- [Exercise material]:
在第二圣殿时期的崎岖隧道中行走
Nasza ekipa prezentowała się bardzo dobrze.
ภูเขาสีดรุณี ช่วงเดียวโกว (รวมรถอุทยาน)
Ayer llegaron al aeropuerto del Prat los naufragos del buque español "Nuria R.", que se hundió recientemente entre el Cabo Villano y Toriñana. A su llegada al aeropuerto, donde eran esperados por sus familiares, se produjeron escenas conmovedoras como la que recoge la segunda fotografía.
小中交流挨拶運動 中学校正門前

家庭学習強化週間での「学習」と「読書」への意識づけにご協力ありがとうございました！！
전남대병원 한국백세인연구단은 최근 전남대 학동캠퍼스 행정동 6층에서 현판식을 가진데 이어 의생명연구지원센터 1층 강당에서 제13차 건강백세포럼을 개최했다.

--

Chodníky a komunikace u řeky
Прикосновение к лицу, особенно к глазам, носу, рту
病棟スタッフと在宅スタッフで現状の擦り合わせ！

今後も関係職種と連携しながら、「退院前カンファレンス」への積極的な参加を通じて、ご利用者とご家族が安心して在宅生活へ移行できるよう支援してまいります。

--

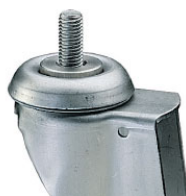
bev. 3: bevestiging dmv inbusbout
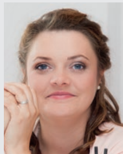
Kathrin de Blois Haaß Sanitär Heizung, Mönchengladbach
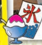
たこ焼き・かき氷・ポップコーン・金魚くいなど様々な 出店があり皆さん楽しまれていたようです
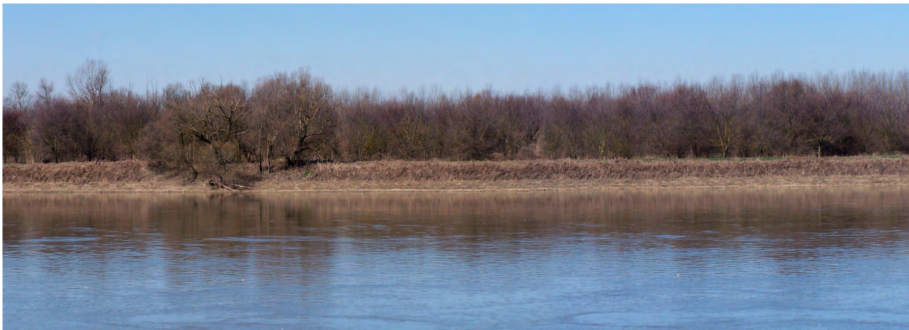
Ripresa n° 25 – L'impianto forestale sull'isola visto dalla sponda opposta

- [Exercise description]: Scan the entries above for the line containing "在第二圣殿时期的崎岖隧道中行走", and copy it and all lines after it exactly, down to and including the line containing "小中交流挨拶運動 中学校正門前".

- [Task response]:
在第二圣殿时期的崎岖隧道中行走
Nasza ekipa prezentowała się bardzo dobrze.
ภูเขาสีดรุณี ช่วงเดียวโกว (รวมรถอุทยาน)
Ayer llegaron al aeropuerto del Prat los naufragos del buque español "Nuria R.", que se hundió recientemente entre el Cabo Villano y Toriñana. A su llegada al aeropuerto, donde eran esperados por sus familiares, se produjeron escenas conmovedoras como la que recoge la segunda fotografía.
小中交流挨拶運動 中学校正門前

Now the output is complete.